Perform the following steps:
- Switch to root user.
- Download the installation script using the following command: wget https://infoworks-setup.s3.amazonaws.com/emr-configurations/emr-5.28.1/emr-bootstrap.sh
- Add the execution permission using the following command: chmod +x emr-bootstrap.sh
- Run installation script, entering your corresponding required information using the following command: ./emr -bootstrap.sh
NOTE: Kerberos tickets are renewed before running all the Infoworks DataFoundry jobs. Infoworks DataFoundry platform supports single Kerberos principal for a Kerberized cluster. Hence, all Infoworks DataFoundry jobs work using the same Kerberos principal, which must have access to all the artifacts in Hive, Spark, and HDFS.
Post Installation
- Copy Keystore passwords from /etc/hadoop/conf/ssl-client.xml to $IW_HOME/conf/dt_spark_defaults.conf file.
Set the password mapping as follows:
ssl.client.keystore.keypassword ⇒ spark.ssl.keyPassword
ssl.client.truststore.password ⇒ spark.ssl.trustStorePassword
ssl.client.keystore.password ⇒ spark.ssl.keyStorePassword
- If spark.dynamicAllocation.enabled is true, replace the spark.dynamicAllocation.minExecutors,spark.dynamicAllocation.initialExecutors property value from 50 to 1.

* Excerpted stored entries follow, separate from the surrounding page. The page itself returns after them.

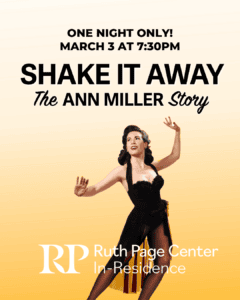 Shake It Away: The Ann Miller Story returns to Chicago after a critically acclaimed world premiere tour that included the Hollywood Fringe in Los Angeles (Hudson Theatres, June 10 – 15, 2025), Off-Broadway’s “East to Edinburgh” in New York (59E59 Theaters, July 15 – 19, 2025) and the Edinburgh Festival Fringe (theSpace at Surgeons’ Hall, August 1 – 9, 2025).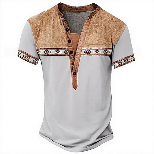 Per uomo Tribale Etnico Maglietta Maglia Henley Manica Corta Designer Essenziale Etnico All'aperto Casuale Quotidiano Estate azzurro cielo Nero Verde chiaro Blu scuro Blu chiaro Henley Maglietta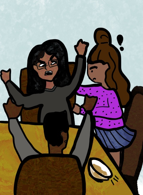 At dinner time, I eat with my family, and from time to time, my sister and parents glance at me. They’re usually sharing funny stories that happened at work and school during dinner, but not today. They know something’s up with me. Immediately after finishing my food, I get up and pick up my plate and fork, but before I take a step toward the dishwasher, my dad calls, “Ruby…”.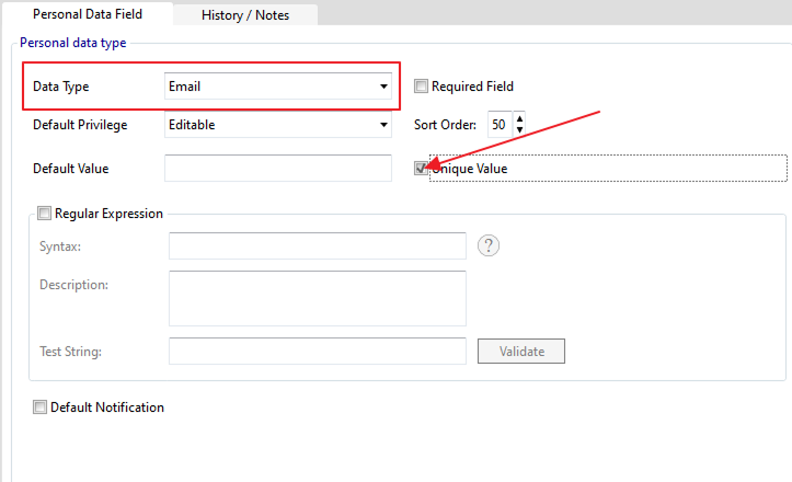Now inside the pop-up set the name as Email and press the Close button. In the Data Type field select Email as a Data Type and Tick the Unique Value checkbox. Don’t change anything here and assign Access Group by pressing on the Add Access Group button inside the Access Group section and selecting Suprema Access Zone After selecting Access Zone press the Add Selection button for the field.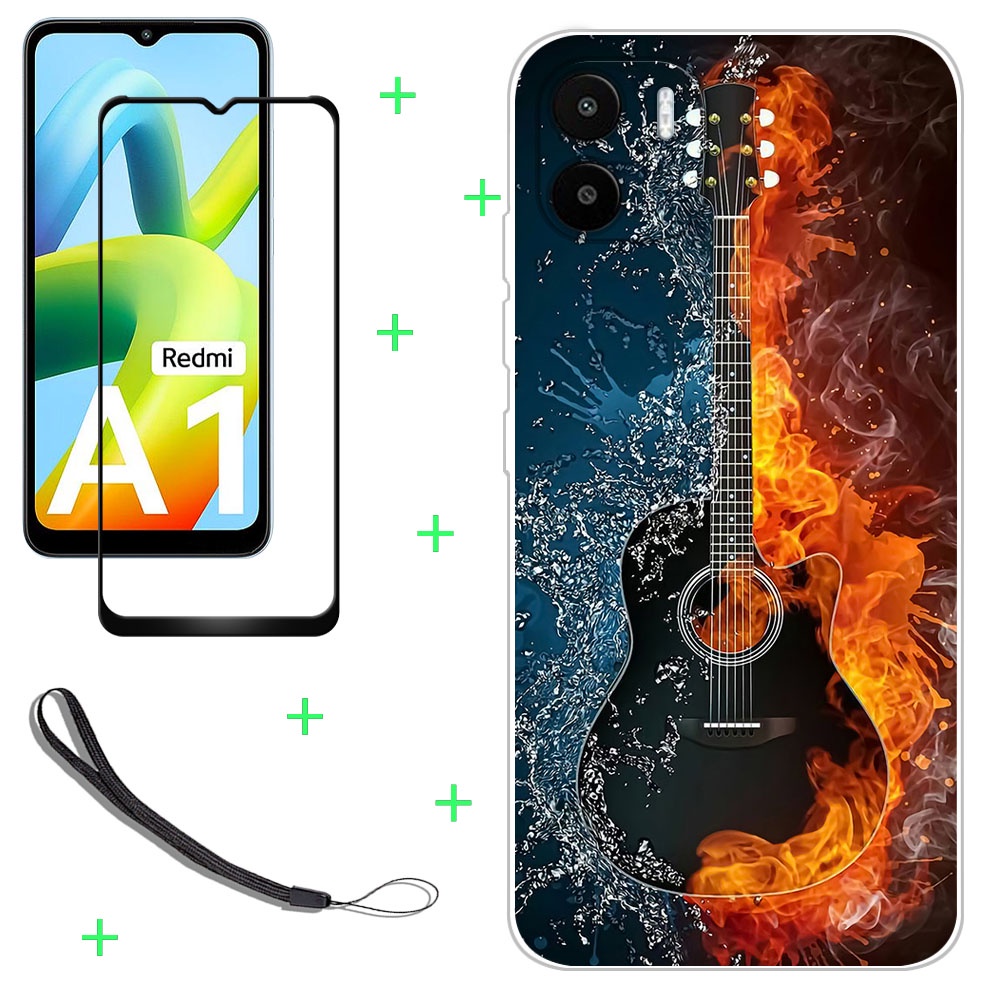 2 IN 1 Redmi A1 Case with Tempered Glass Curved Ceramic Screen Protector Music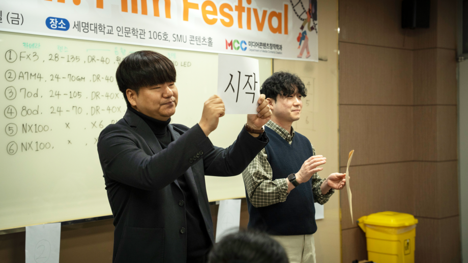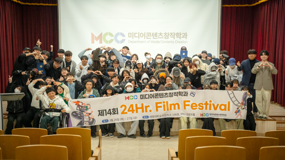 본문 시작 홈으로 MCC News 학과소개 교수소개 학과과정 MCC News MCC SNS 홈페이지가이드 학과 및 재학생 학과 및 재학생 교수 및 졸업생 미디어 정보통 학과 및 재학생 페이스북 트위터 프린트 제14회 24시간 필름 페스티벌 미디어콘텐츠창작학과 62 2026-04-01 미디어콘텐츠창작학과의 행사인 24시간 필름 페스티벌이 3월 26일부터 27일까지 24시간 동안 진행되었습니다. 학과 대표 행사인 24시간 필름 페스티벌은 24시간 동안 주어진 주제에 맞게 각본, 촬영, 편집을 통해 작품을 만드는 행사입니다. 올해는 총 6개의 팀으로 나누어져 ’시작‘을 주제로 영상을 제작했습니다. 학생 여러분 모두 24시간 동안 쉬지 않고 작품 제작 하시느라 고생 많으셨습니다! 목록 이전2026학년도 미디어콘텐츠창작학과 개강총회 담당부서 : 미디어콘텐츠창작학과 담당자 : - 연락처 : 043-649-1741 최종수정일 : 2024-10-26 만족도조사 만족도 조사 이 페이지에서 제공하는 정보에 대하여 만족하시나요? 매우만족 만족 보통 불만족 매우불만족
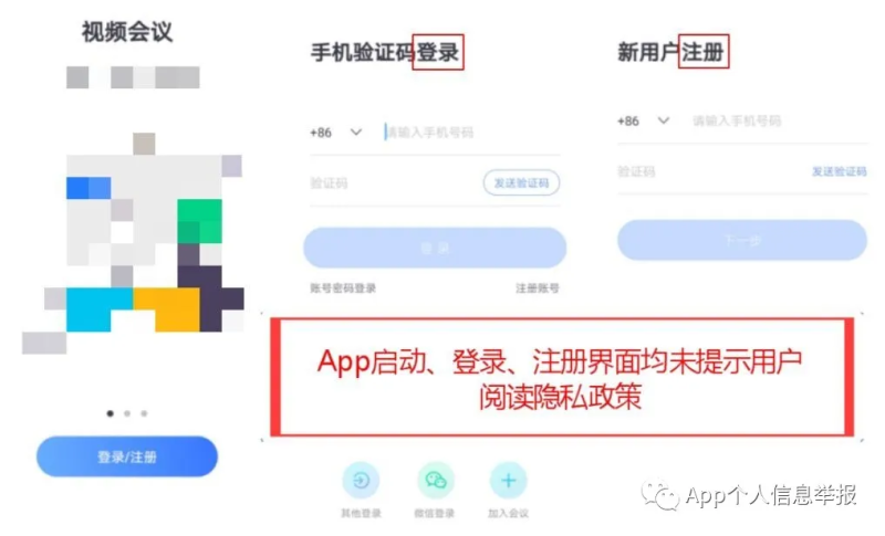 案例9:某网络会议App启动、登录、注册界面均未提示用户阅读其隐私政策。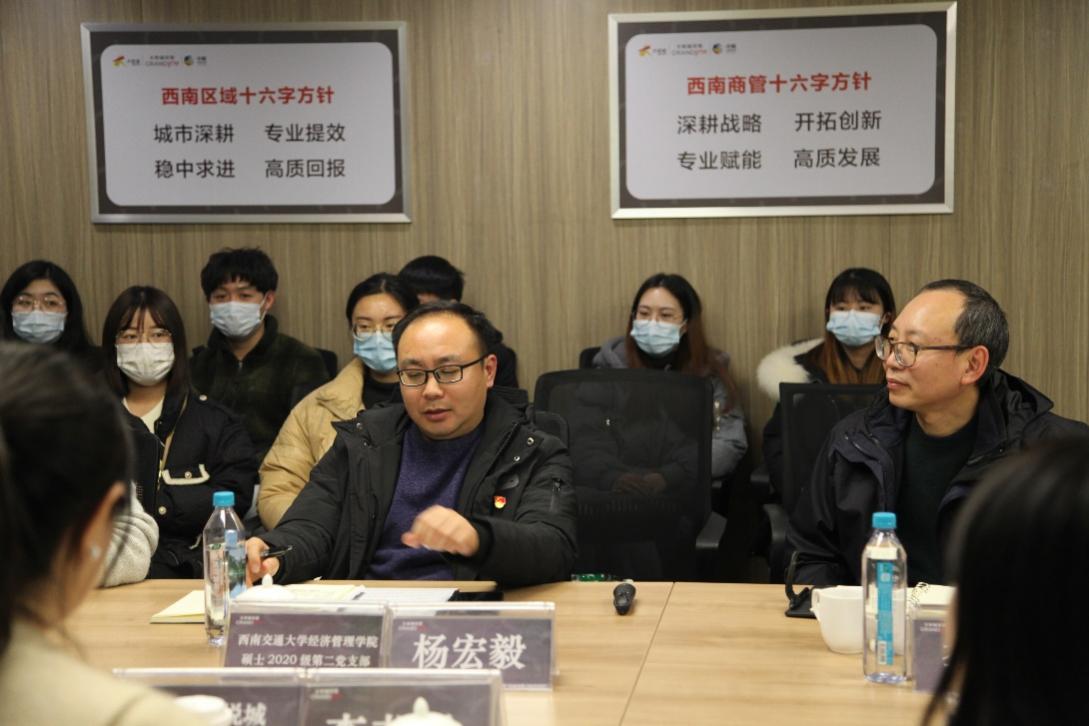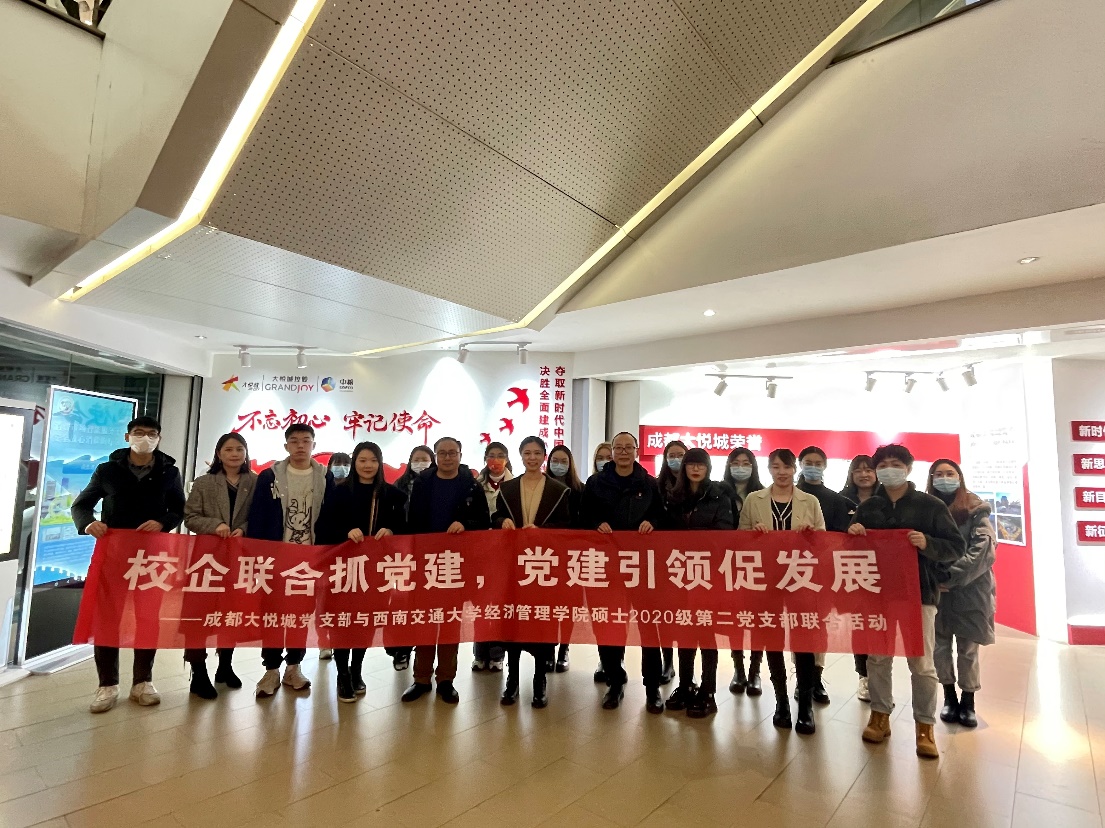 为学习贯彻党的十九届六中全会精神,全面开展党建活动,加强思想政治建设与实践。2021年12月15日下午,今年会jinnianhui经理管理学院硕士2020级第二党支部在党委副书记杨宏毅、副院长李良以及支部书记贾佳老师和研究生辅导员陈海波老师的带领下,至成都大悦城公司开展“校企联合抓党建,党建引领促发展”主题活动。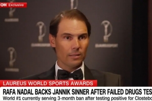 體育資訊4月30日訊 此前,現(xiàn)網(wǎng)球男單世界第一辛納因禁藥事件被禁賽3個月。西班牙紅土天王納達爾在接受采訪時,談到了辛納的禁賽。
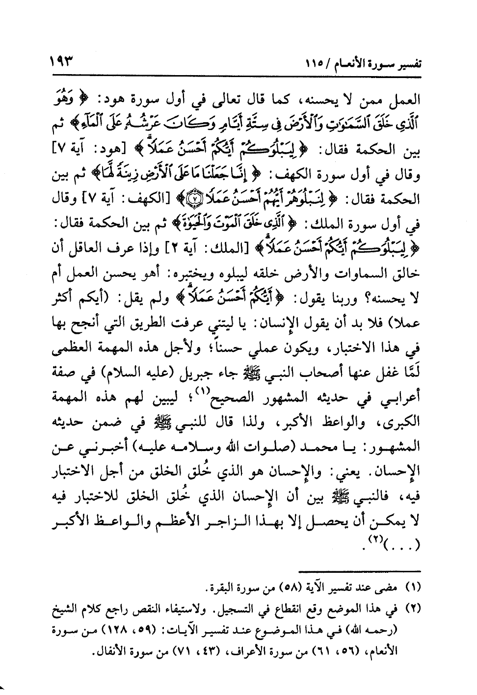 (¬2) في هذا الموضع وقع انقطاع في التسجيل. ولاستيفاء النقص راجع كلام الشيخ (رحمه الله) في هذا الموضوع عند تفسير الآيات: (59، 128) من سورة الأنعام، (56، 61) من سورة الأعراف، (43، 71) من سورة الأنفال.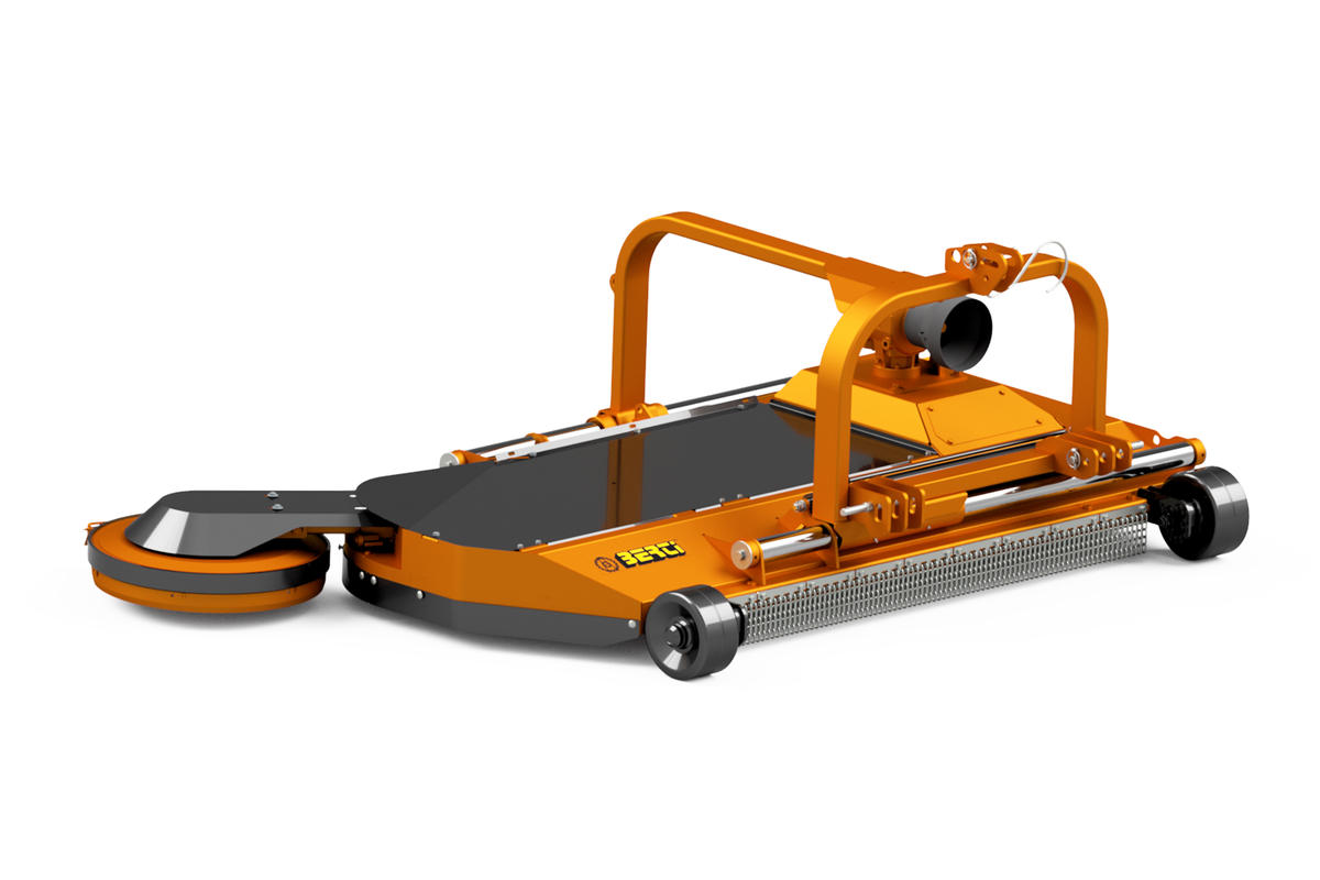 Falciatrice spostabile per erba con disco interfilare girevole, per l'impiego agricolo su vigneti e frutteti in genere, da applicare su trattori con potenza compresa tra 40 e 100 HP. |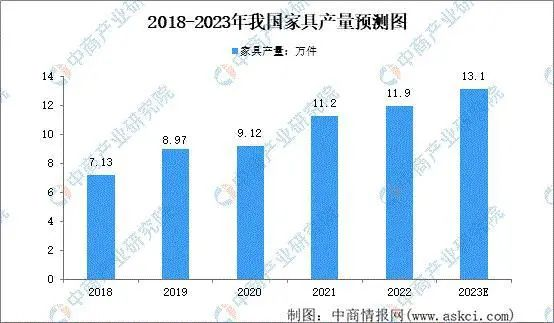 作為全球家具生產中心,早在2006年中國家具產業(yè)產值已躍居世界第一位,中國已然成為世界家具生產、消費及出口大國。2022年我國家具業(yè)產量11.9萬件,同比增長5.9%。預計2023年我國家具行業(yè)產量將達13.1萬件,同比增長10.05%。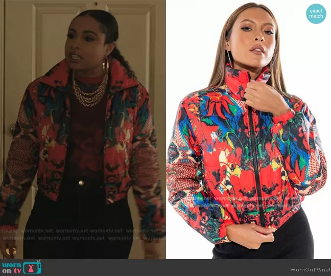 Tiffany (played by Hannaha Hall) on The Chi on ShowTime was spotted wearing this red printed bomber jacket on The Chi on episode 'Angels' (5x07) in Aug 2022. Tiffany's Jacket is the Printed Bomber Puffer Jacket by Akira.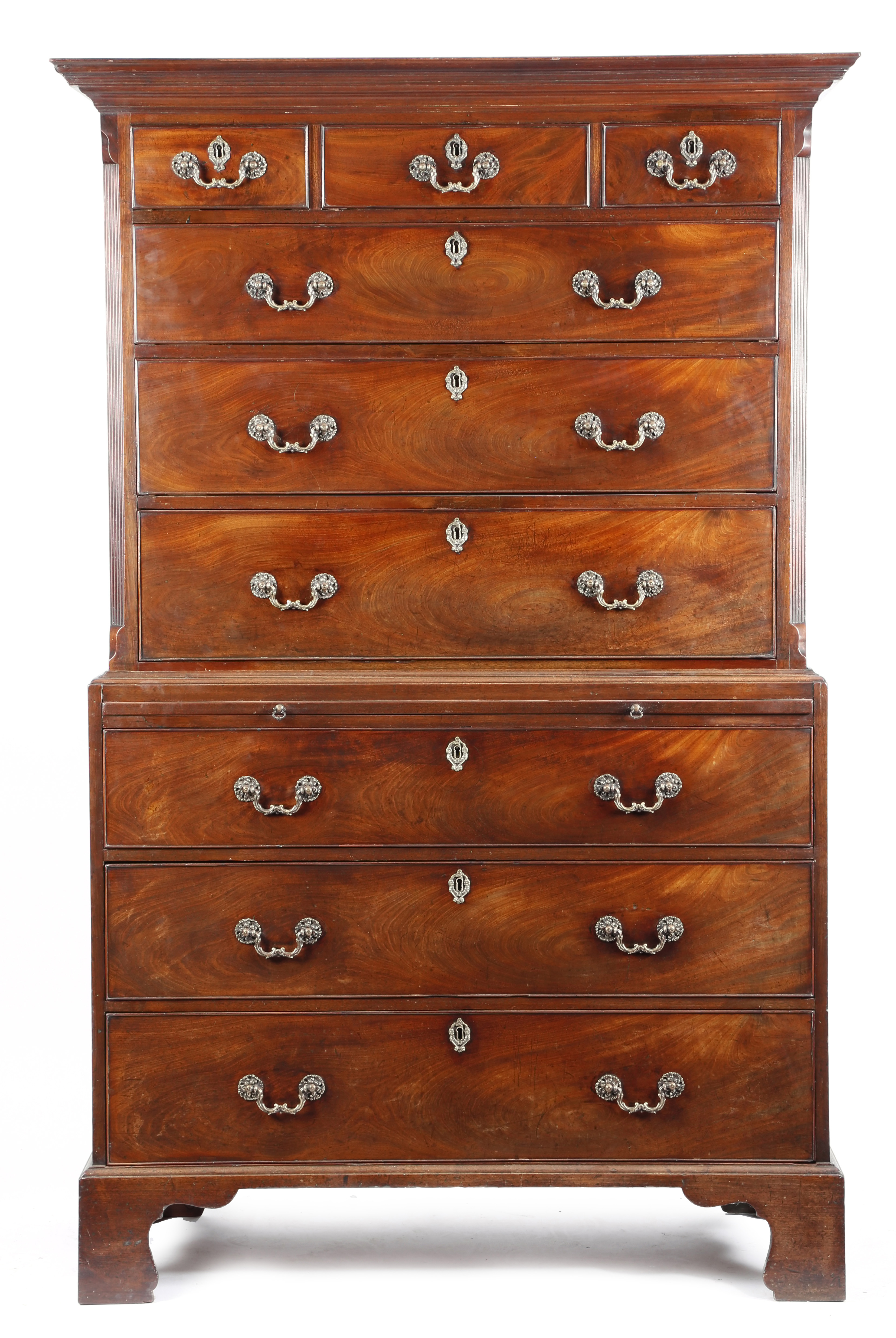 An early George III mahogany chest on chest, the moulded cornice above three short and three long drawers, flanked by fluted angles, the base with a brushing slide, above three long graduated drawers and bracket feet, 178cm high, 113.2cm wide, 53.8cm deep.

- Copy userData.json file from Master node to S3 using the following command:
aws s3 cp /var/aws/emr/userData.json s3://bucket_name/userdata/userData.json
- Download userData.json file to the Edge node using the following command:
wget https://bucket_name.s3.amazonaws.com/userdata/userData.json -O /var/aws/emr/userData.json
- Change the ownership of the file to Infoworks-user and run the following command:
sudo chown infoworks-user:infoworks-user /var/aws/emr/userData.json
- Copy the Keytabs to S3 using the following commands:
aws s3 cp /etc/hdfs.keytab s3://bucket_name/keytabs/hdfs.keytab
aws s3 cp /etc/infoworks-user.keytab s3://bucket_name/keytabs/infoworks-user.keytab
- In the Infoworks DataFoundry landing page, navigate to Admin > Configuration > Add Configuration Entry. Add property modified_time_as_cksum to True, and save it.

- In the Infoworks DataFoundry landing page, navigate to Admin > Configuration. Change value of CSV_PARSER_LIB property from COMMONS to UNIVOCITY.

Perform sanity check by running the HDFS commands and Hive shell in the edge Node.
IMPORTANT: Ensure that you add the EdgeNode Security Group ID to allow all inbound traffic to EMR Security Group.